The Institute serves the needs of the welding and Inspection/NDT community through its wide range of activities, and by acting as a professional body for technologists engaged in welding and inspection activities.
The IIWEI is a recognised certifying body for approval of personnel in welding technology, inspection and Non-Destructive Testing.

		What is welding?
		What is Non-Destructive Testing?

What is welding?

Welding Introduction and Utilisation.

Many of the textbooks that exist today describe the events leading to the invention of welding using a stick electrode as far back as the 1890s. It was almost half a century later when the technique of stovepipe welding for pipelines was developed in the USA.

The technique is still used to the present day, with only minor variations. Structural welding on a large scale began with the construction of Liberty ships and T2 tankers in the Kaiser shipyards during World War 11. Whilst the method of manufacture could be said to be revolutionary for that period, it was regarded as a major success. There were of course some catastrophic failures, with ships breaking in two as a result of brittle fracture. But such problems were soon overcome, and more importantly, fusion welding became the method of joining material, in the fabrication of ships, pressure vessels, boilers, bridges and structural steelwork.

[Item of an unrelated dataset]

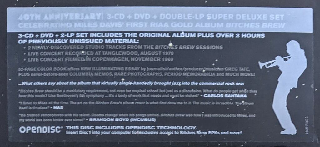 Includes a 52-page color 31,2 cm x 31,2 cm booklet with texts on the history of "Bitches Brew", producer's note, original album notes, photographs, original documents, like concert poster photo and letters, and several illustrations.

It is described as a welding method that is capable of providing a high strength joint in metallic components. It does this by melting the metal to form a bridge between the parts to be joined.

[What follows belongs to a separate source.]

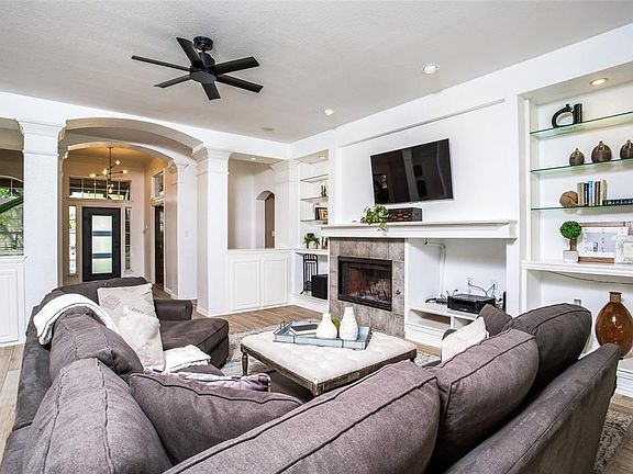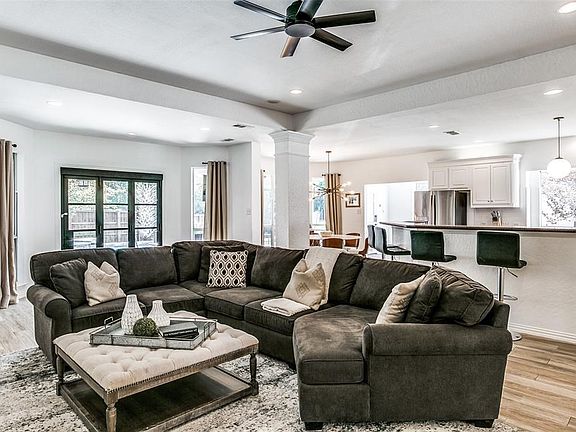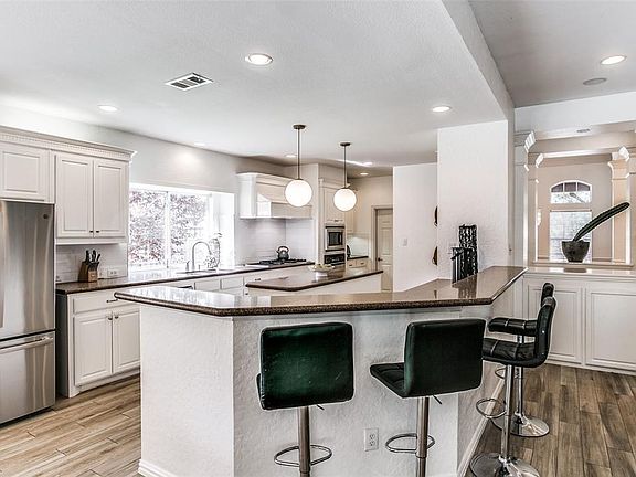 Gorgeous UPDATED One & a half story home LARGE LOT! Lushly Landscaped w mature trees, covered front porch & upgraded Iron Front Door! Open layout w all bdrms located on main floor. 4 bdrms, 3 full baths down w split bdrm layout. Spacious Island Kitchen offers tons of White Cabinets, Granite Ctops, Gas Cktp w Grill, Breakfast Bar & Lg eat in Breakfast Area. Kitchen is open to the spacious family rm w fireplace & builtins. Grand Primary Retreat offers sitting area w Gas FP, w ensuite bath, his&hers vanities with lighted mirrors & corner jetted tub. Updated full bath w Metal Frame Enclosure! Beautiful Lighting Fixtures! Upstairs you'll find a HUGE Gamerm w half bath & tons of storage! The backyard is an Outdoor OASIS which with a tranquil pool&spa, covered patio and TONS of grassy area! The long driveway offers an electric gate to the 3 CAR side by side GARAGE! Home is located in the Golf Community of Coyote Ridge & is convenient to shops, restaurants, airports, Legacy Bus Park and more! 2022-10-15

From a metallurgical view point, the definition of weldability is elastic, in that it can range from the ability to tack two pieces of metal together without having them come apart, to meeting the sophisticated needs of modern specifications. For example, from very basic constructions, to high temperature components and pressure vessels for nuclear, petrochemical and other applications.

The most common forms of welding are carried out by manual techniques by a person referred to as a ‘welder’. An electric arc or gas flame is used to melt the metal in the joint. The welder is in full control of the process and the quality of the finished weld is depended on how well the operational technique has been applied. The welding processes widely used are Manual Metal Arc (MMA), Tungsten Inert Gas (TIG), Metal Inert Gas (MIG) and Oxy-acetylene (OA).

With the exception of (OA), the heat source is supplied by a welding transformer/rectifier, which can be a multi-operational unit capable of producing alternating current (AC) or direct current (DC). Each process has its own field of application and the welding plant is often purpose built to meet specific requirements.

The demands of an ever-changing industry have brought about welding mechanised systems for high volume production and specialised applications. In everyday life we use a whole range of equipment fabricated from sheet metal. Items such as cars, refrigerators and washing machines which are mass-produced to satisfy basic requirements. Welding robots play a major role in this repetitive type of production. The term ‘welding’ covers a large number of welding techniques for all known materials and thickness, which the design and production engineers carefully consider before selecting the best method of joining. Each method has its own attributes, and a number of aspects must be evaluated in order to achieve desired results. Consideration of factors such as strength, ease of manufacture, cost, permanency, corrosion-resistance, and appearance depends very much on the specific application.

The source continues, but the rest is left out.